§ **Activity**: Nothing but the lines below from the one with "Bhindi or Okra" through the one with "단순히 복잡한 기술을" should be output, each exactly as given, and no pictures.

§ **Supplied records**:
####

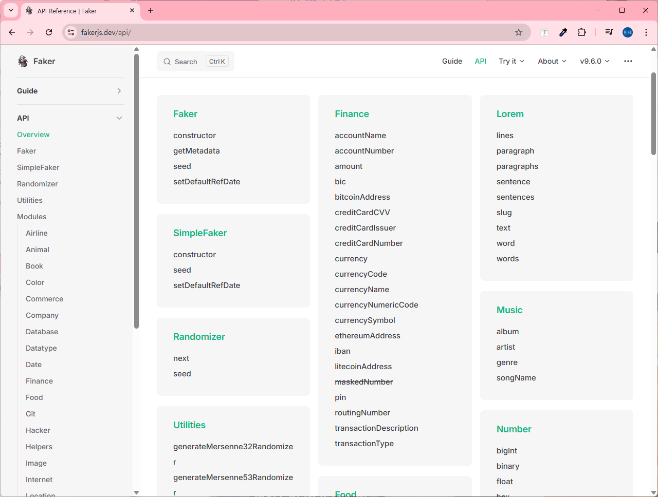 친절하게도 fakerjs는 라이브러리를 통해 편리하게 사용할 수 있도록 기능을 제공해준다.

####

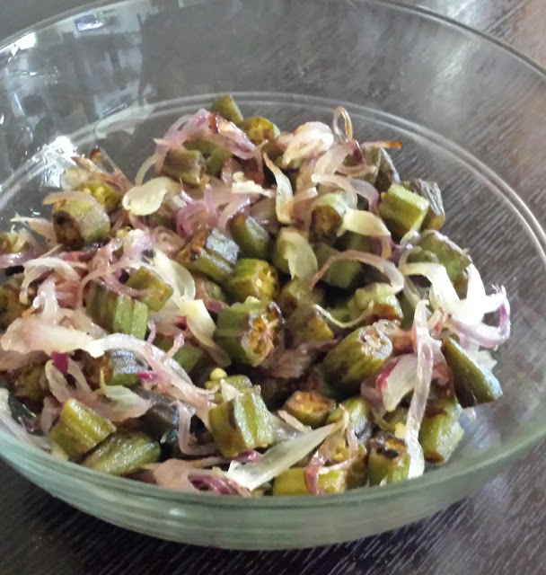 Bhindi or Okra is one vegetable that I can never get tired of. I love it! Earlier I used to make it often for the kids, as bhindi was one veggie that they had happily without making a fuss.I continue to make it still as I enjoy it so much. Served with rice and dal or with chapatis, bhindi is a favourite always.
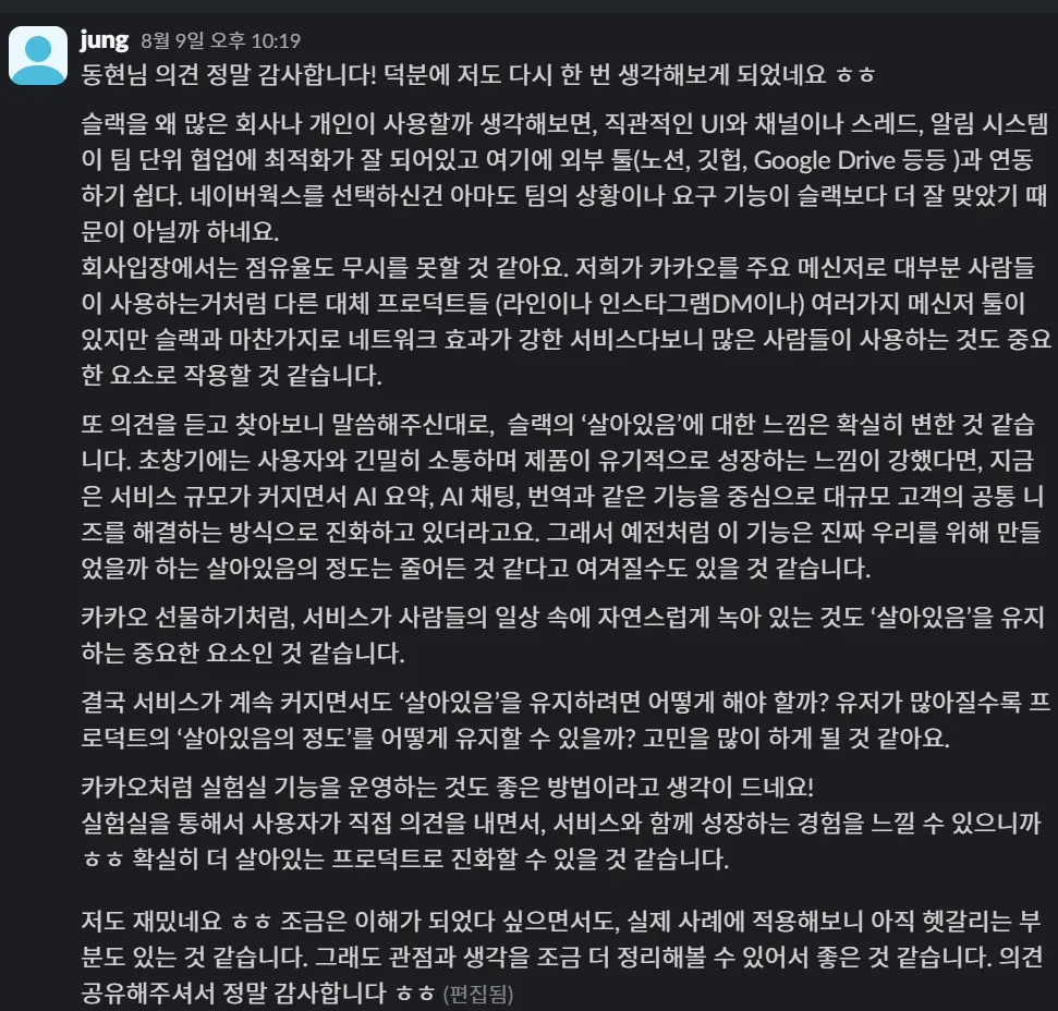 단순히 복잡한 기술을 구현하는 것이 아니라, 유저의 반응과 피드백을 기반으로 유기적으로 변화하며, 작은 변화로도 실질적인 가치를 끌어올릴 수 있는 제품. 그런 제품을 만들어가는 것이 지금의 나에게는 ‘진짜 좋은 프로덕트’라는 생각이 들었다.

####

§ **Finished task**:
 Bhindi or Okra is one vegetable that I can never get tired of. I love it! Earlier I used to make it often for the kids, as bhindi was one veggie that they had happily without making a fuss.I continue to make it still as I enjoy it so much. Served with rice and dal or with chapatis, bhindi is a favourite always.
 단순히 복잡한 기술을 구현하는 것이 아니라, 유저의 반응과 피드백을 기반으로 유기적으로 변화하며, 작은 변화로도 실질적인 가치를 끌어올릴 수 있는 제품. 그런 제품을 만들어가는 것이 지금의 나에게는 ‘진짜 좋은 프로덕트’라는 생각이 들었다.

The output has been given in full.